To the Shareholders of Community BancShares, Inc.:

You have previously received a letter dated June 8, 1998 from Management and
will shortly receive Management's proxy statement. If you have previously
returned our proxy card, thank you! We appreciate your support and you do not
need to do anything further. If you have not yet returned our proxy card we
encourage you to do so. In any event, please do not return Management's proxies
until you have had the opportunity to review our rebuttal of their proxy
statement. This rebuttal will be mailed to you within the week. Our rebuttal
will address, point-by-point, any allegations and claims made by Management. Our
rebuttal will also reveal the numerous instances wherein Management has acted
contrary to the best interest of the shareholders.
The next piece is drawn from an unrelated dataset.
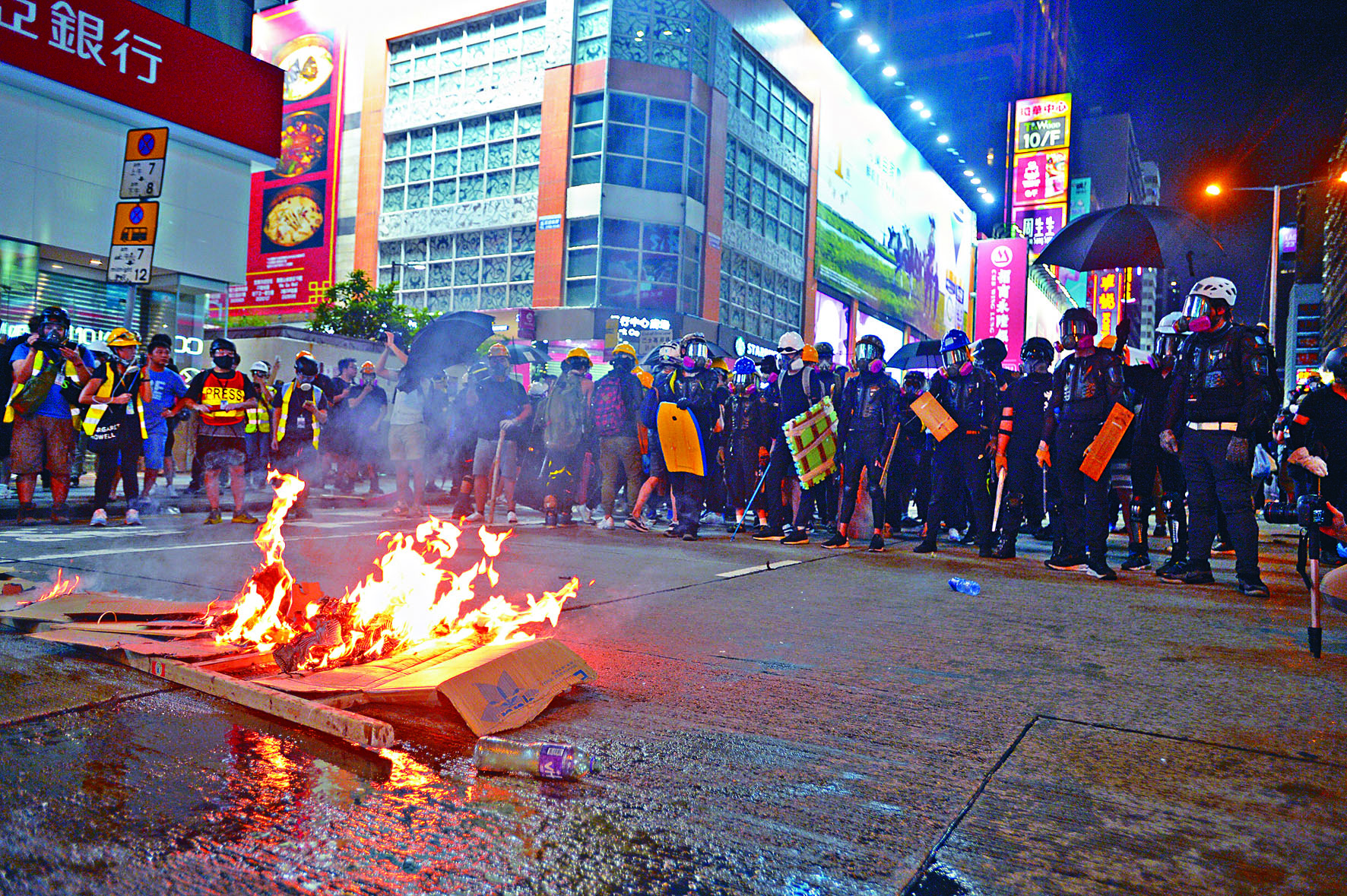 示威者襲警署佔馬路 油尖旺游擊戰火頭四起

In Management's letter of June 8, 1998, they only show only that net income for
1997 was $628,122 and that this was a 79% increase over 1996. They don't address
the fact that net income in 1996 was a disappointing $350,969, which equaled a
return on equity of 5.2%. They further ignore the fact that $9,740,000 of your
equity was required to earn $628,122 in 1997. This means the return on your
equity was only 6.46% for all of 1997. We will send you an independent financial
newsletter which will show that the average return on equity for other North
Carolina banks is 12 to 14 percent, more than double the performance of
Community BancShares, Inc.

If the majority of the Board of Directors believe that this is an outstanding
job, then in the opinion of the Committee for Shareholder Interest these
directors and Management must be educated to the requirements of today's market.
We are committed to the maximization of shareholder value and believe that
return on equity is a key measurement of financial performance and that the
first step in improving performance is to realize when it needs improving.

WE REMAIN COMMITTED TO MAXIMIZING SHAREHOLDER VALUE AND WILL CONTINUE OUR
EFFORTS IN THAT DIRECTION AND OUR EFFORTS TO REMIND MANAGEMENT THAT THE
SHAREHOLDERS ARE THE ONES WHO OWN THE COMPANY.